Last Friday, T-Mobile confirmed in a statement that they had suffered a breach in their security during March. This way, Lapsus$ gained access to its internal systems, but without affecting the data of its users. Everything came to light when the investigative journalist Brian Krebs shared internal chats of several of the group’s members, where they talked about the different breaches they committed against T-Mobile.

Of course, this security incident occurred days before several of their members, which have been protagonists in recent months for their attacks on important profiles within the corporate world, were arrested and investigated by the City of London Police.

According to the statement shared by T-Mobile, it can be seen: “The accessed systems contained no customer or government information or other similarly sensitive information, and we have no evidence that the intruder was able to obtain anything of value.”

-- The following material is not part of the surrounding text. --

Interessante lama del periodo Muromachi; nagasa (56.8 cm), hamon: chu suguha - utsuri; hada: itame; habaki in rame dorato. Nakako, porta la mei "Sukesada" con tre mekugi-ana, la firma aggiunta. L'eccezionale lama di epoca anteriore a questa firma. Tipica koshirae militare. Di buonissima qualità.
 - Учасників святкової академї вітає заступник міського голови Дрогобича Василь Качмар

It was all thanks to VPN credentials obtained through suspicious means, possibly on the deep web or black markets, to gain control of different employees’ accounts, which would allow them to carry out SIM swapping attacks at will. This also gave them access to an internal customer account management tool called Atlas, in addition to gaining access to T-Mobile’s Slack and Bitbucket accounts, which allowed them to access more than 30,000 source code repositories.

Although the London police has an open investigation about this group, in which several minors are involved, Lapsus$ has not stopped making its attacks. It only remains to wait and see what this extortion group’s next move will be, since several experts point out that perhaps its final objective is much more worrying than these attacks on important profiles.